At the last meeting of the New York Microscopical Society, a paper was read by Dr. Samuel Lockwood, secretary of the New Jersey State Microscopical Society. His subject was the Wine Fly, Drosophila ampelophila. The paper was a contribution to the life-history of this minute insect. He had given in part three years to its study, beginning in September, 1881, when nothing whatever of its life-history seemed to have been known. In October the flies attacked his Concords. He found upon a grape which he was inspecting with a pocket-lens an extremely small white egg; but lost it. The grapes when brought on the table were infested by the flies, which proved to be the above mentioned species. When driven from the grapes they would fly to the window, where he captured two of them These were placed in a jar with a grape for food. In two days he found one egg on the outer skin of the grape. The laying was kept up for four or five days, until there were about thirty, some on the outside of the grape and some at an opening where the two flies had fed. The egg had a pair of curious suspenders near the end where the mouth of the larva would develop. These suspenders were attached at their ends to the grape, but where the egg was laid in the soft part of the fruit the suspenders were spread out at the surface; thus the larva would emerge clean from the shell. The egg was 0.5 mm. in length, and about a fourth of that in width. The larva when grown was at least four times as long as the egg. As the larva burrowed in the juices of the fruit, two quite prominent breathing tubes at the posterior end were kept in the air. Between these cardinal tubes were several teat-like points, much smaller, but having a similar function.

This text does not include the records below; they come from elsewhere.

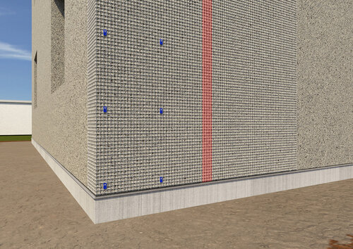 Rull etter hvert ut Armering Exakt. Overlapp > 300 mm og fest armeringen ved å dra med festekam slik at mørtelen flyter opp mellom maskene. Følg armeringsgangen. Armer også over og under åpninger der armeringen ikke sammenfaller med generell armering.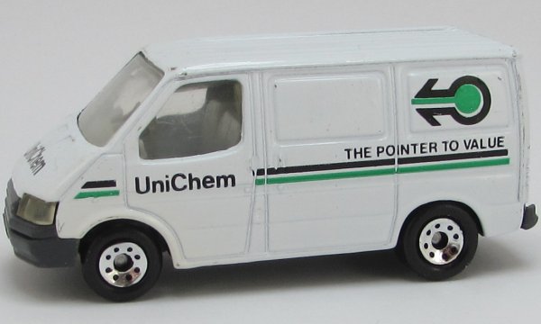 white, with TRANSIT at rear, UNICHEM with black and green stripes tampo |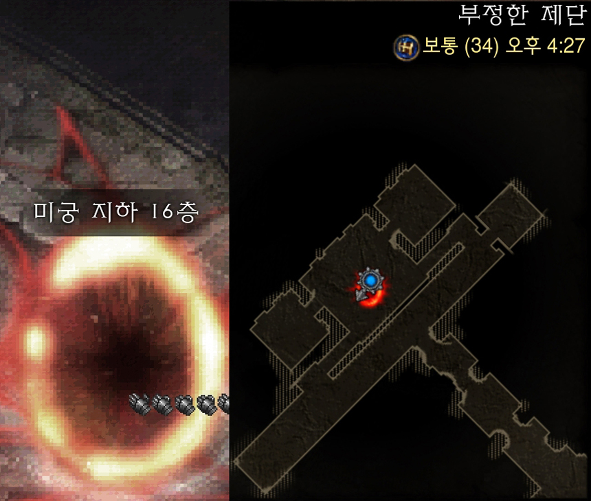 부정한 제단 맵에서 미궁 지하 16층 포탈 생성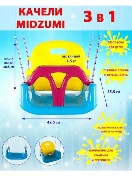 Детские пластиковые качели 3в1 Midzumi - это многофункциональная игрушка, которая подарит вашему ребенку яркие впечатления и активный отдых. Качели выполнены из прочного пластика, который выдерживает интенсивное использование и легок в уходе. Благодаря спинке, качели обеспечивают удобство и безопасность, поддерживая ребенка во время игры. Подвесной элемент легко регулируется, что позволяет адаптировать его под рост и возраст ребенка. Три различных варианта для разного возраста: №1 со спинкой и ограничителем (от 1 до 3-х лет), №2 со спинкой и без ограничителя (от 3 до 5 лет), №3 без спинки и без ограничителя (от 5 лет и старше). Габаритные размеры (ДхШхВ): 35,5 x 42,5 x 150 см. Максимальная допустимая нагрузка: 100 кг. Вес нетто: 1,5 кг. Цвет товара: голубой/желтый/малиновый. Детские пластиковые качели 3в1 Midzumi - отличный выбор для активного и безопасного отдыха вашего ребенка.

The larvae appeared in five days after the eggs were laid. In about as many more days the puparium state would be entered, and in about six days more the fly or imago would appear. In ovipositing the suspensors would leave the oviparous duct last. The paper claimed that the curious shape of the egg compelled the female to oviposit slowly, as it took time for the egg to assume its form; hence, the eggs were not laid in strings or masses, but singly and at considerable intervals.

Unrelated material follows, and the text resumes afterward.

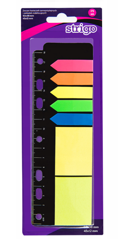 Zestaw, transparentnych, neonowych, samoprzylepnych zakładek indeksujących STRIGO to niezastąpione rozwiązanie do wyraźnego oznaczania treści w dokumentach, rozdziałów książek, podręczników! Jest to świetne rozwiązanie na codzienne zarządzanie zadaniami i priorytetami zarówno w pracy, w szkole, jak i w domu! Idealne dla uczniów i studentów, ponieważ można je wykorzystać do oddzielania informacji. Intensywne kolory zapewnią dobrą czytelność notatek! Zestaw posiada: ✔️ 125 zakładek w tym 5 bloczków po 25 zakładek ✔️50 karteczek, czyli 2 bloczki po 25 karteczek. ✔️W komplecie znajduje się również linijka z perforacją, dzięki czemu całość możemy wpiąć do segregatora. Neonowe kolory karteczek i zakładek momentalnie rzucają się w oczy, tak by nic, co zapisaliśmy, nie umknęło naszej uwadze.

The flies are very hairy, especially the females. The neck and even the eyes are very hirsute. The eyes are red, quite large and pretty, though somewhat outre under the microscope, for from between the little lenses are projecting, straight, stiff hairs. As the insect is quite active, it must be that this fringing of the tiny eyelets with hair does not materially obscure its vision. When the minuteness of this singular arrangement is considered, it is surely remarkable. This general hairiness of the female especially, and that about the head, neck, and forward part of the thorax, stands correlated to a beautiful structure found only in the male, which has on the tarsus of each leg in the forward pair what the lecturer called a sexual comb. It is a beautiful comb of a very dark brown color, each comb having ten pointed and strong teeth. In the nuptial embrace these combs are fixed in the hairy front of the thorax of the female, thus becoming little grapnels.

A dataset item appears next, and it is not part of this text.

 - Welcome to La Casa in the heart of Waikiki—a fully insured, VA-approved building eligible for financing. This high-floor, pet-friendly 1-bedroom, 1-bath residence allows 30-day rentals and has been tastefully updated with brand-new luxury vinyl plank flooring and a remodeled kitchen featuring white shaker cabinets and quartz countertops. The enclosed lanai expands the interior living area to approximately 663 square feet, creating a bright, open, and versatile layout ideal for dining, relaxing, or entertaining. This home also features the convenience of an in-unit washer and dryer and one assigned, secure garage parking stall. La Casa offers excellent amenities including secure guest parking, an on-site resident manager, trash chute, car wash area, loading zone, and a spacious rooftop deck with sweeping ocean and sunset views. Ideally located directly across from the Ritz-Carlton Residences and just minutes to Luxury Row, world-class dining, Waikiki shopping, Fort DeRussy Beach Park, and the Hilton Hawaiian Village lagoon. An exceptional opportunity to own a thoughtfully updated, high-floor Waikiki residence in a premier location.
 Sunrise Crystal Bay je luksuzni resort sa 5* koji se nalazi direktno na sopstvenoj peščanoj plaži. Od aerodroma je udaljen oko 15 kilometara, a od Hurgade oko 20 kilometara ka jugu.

The flies love any vegetable substance in fermentation, whether acetic or vinous. Hence it will abound about cider mills, swarm on preserves in the pantry, and in cellars or places where wine is being made or stored. The paper showed the tendency of the glucose in the over-ripe grape to the vinous ferment, and that the fly delighted in it. A singular accident showed how they loved even the very high spirits. In making some of the mounts shown to the society, Dr. Lockwood had left a bottle of 90 per cent. alcohol uncorked over night. Next morning he was astonished to find his alcohol of a beautiful amethystine color, and the cork out. Inspection showed a number of these tiny creatures, which, when filled with the purple juice of the grape, had smelt the alcohol in the open bottle, and had gone in to drink. They had ignominiously perished, and had given color to the liquid.—Micro. Journal.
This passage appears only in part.